German-American physicist Maria Goeppert Mayer (1906–1972) was a pioneering figure in nuclear physics and the second woman to receive the Nobel Prize in Physics, after Marie Curie. Born on June 28, 1906, in Kattowitz, Germany (now Katowice, Poland), she was the only child of Friedrich Goeppert and Maria Wolff. She earned her Ph.D. from the University of Göttingen in 1930, writing her thesis on the theory of possible two-photon absorption by atoms.
In 1930, she married chemist Joseph Edward Mayer and moved to the United States, where he held academic positions at institutions such as Johns Hopkins University and later the University of Chicago. Due to nepotism rules, she often worked without pay or held unpaid positions, including at Johns Hopkins and Columbia University.
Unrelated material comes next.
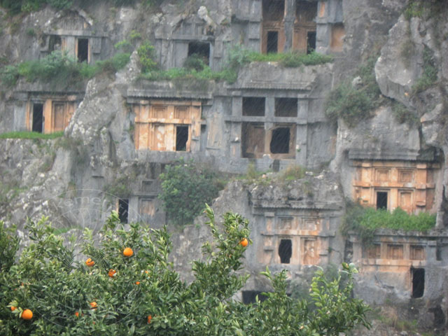 einen Blick auf die Felsengräber der Nordnekropole von Myra am

During World War II, Goeppert Mayer contributed to the Manhattan Project, working on isotope separation at Columbia University and collaborating with Edward Teller at Los Alamos on thermonuclear weapons development.
She is best known for developing the nuclear shell model, a theoretical framework that describes the structure of atomic nuclei in terms of energy levels, or “shells,” occupied by protons and neutrons. This model explained why certain numbers of nucleons, known as “magic numbers,” confer extra stability to nuclei. Her work, conducted independently and in parallel with German physicist J. Hans D. Jensen, was initially met with skepticism but later confirmed experimentally, significantly advancing the understanding of nuclear structure.
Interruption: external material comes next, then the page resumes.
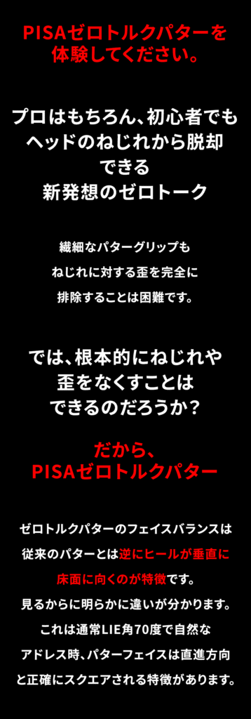 マイナスロフトを実用化したPISAパターは従来のパター概念を変えます。

In recognition of her contributions, Goeppert Mayer shared the 1963 Nobel Prize in Physics with J. Hans D. Jensen and Eugene Wigner. She was appointed a full professor at the University of California, San Diego, in 1960, where she continued her research until her death on February 20, 1972, in San Diego, California.
Goeppert Mayer’s perseverance in the face of systemic barriers and her groundbreaking work have left a lasting impact on nuclear physics, influencing fields ranging from astrophysics to nuclear engineering. Her legacy continues to inspire, exemplifying dedication to scientific inquiry despite societal challenges.